Classroom gives ecosystem insight

University of Otago students and teachers (from left) Tim Currie, Blake Hornblow, Millie...
University of Otago students and teachers (from left) Tim Currie, Blake Hornblow, Millie Mannering, Katie Nelson, Gretchen McCarthy, co-ordinator Dr Anna Wood, co-ordinator Prof Steve Wing, Yuta Tamberg and Joe Curtis are turning a Portobello site on Otago Peninsula into a living laboratory as well as a habitat restoration project. PHOTO: GUY FREDERICK
The University of Otago has started planting Crown land on Otago Peninsula as it creates an outdoor classroom to study native ecosystems.

The planting, undertaken in conjunction with the Otago Peninsula Biodiversity Group and Save the Otago Peninsula, will cover some of the 19ha of land the university leases, primarily to access the nearby Portobello Marine Laboratory.
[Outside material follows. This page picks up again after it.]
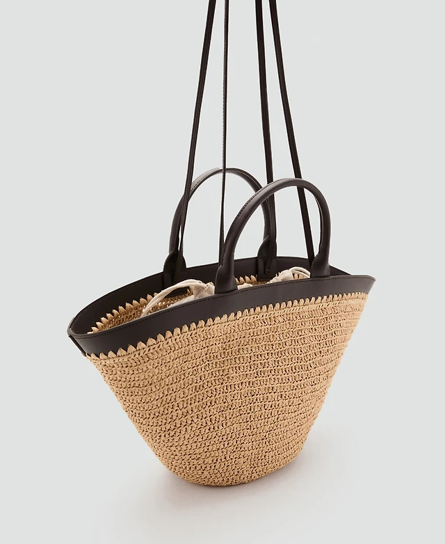 Mango Women's Fringes Detail Large Leather Shoulder Bag

From next year, Prof Steve Wing and Dr Anna Wood will lead an ecology paper on site, "ecology and the conservation of diversity".

"The vision is to restore the coastal habitat to a healthy state," Prof Wing said yesterday.

But there was a series of goals, he said.

One of those was to use the habitat that students created as a field laboratory.

Prof Wing said one of the principles of ecology was diverse ecosystems were more productive.

"Diversity allows us to basically survive environmental change," he said. "Plus diversity is just cool."

The programme allowed for about 1200 plants a year to be planted in the area over the next two years.

There would be about a dozen species planted including 75 kahikatea and 65 totara, but some of the smaller species including Coprosma propinqua were of particular interest.

Not only did the dense native shrubs provide habitat for native fauna on the peninsula, it was understood the plants created buffers in temperatures, important for microclimates, Prof Wing said.

At the heart of the programme would be intense monitoring of the area. Everything from pest incursions to temperatures across the site would be scrutinised.

One focus of the paper would be the connections between a changing ocean and coastal ecosystems, Prof Wing said.

Automated temperature sensors dispersed over the area would provide data that would be compared to the daily water temperatures measured at the wharf, to determine any impacts on ecological productivity and biodiversity, he said.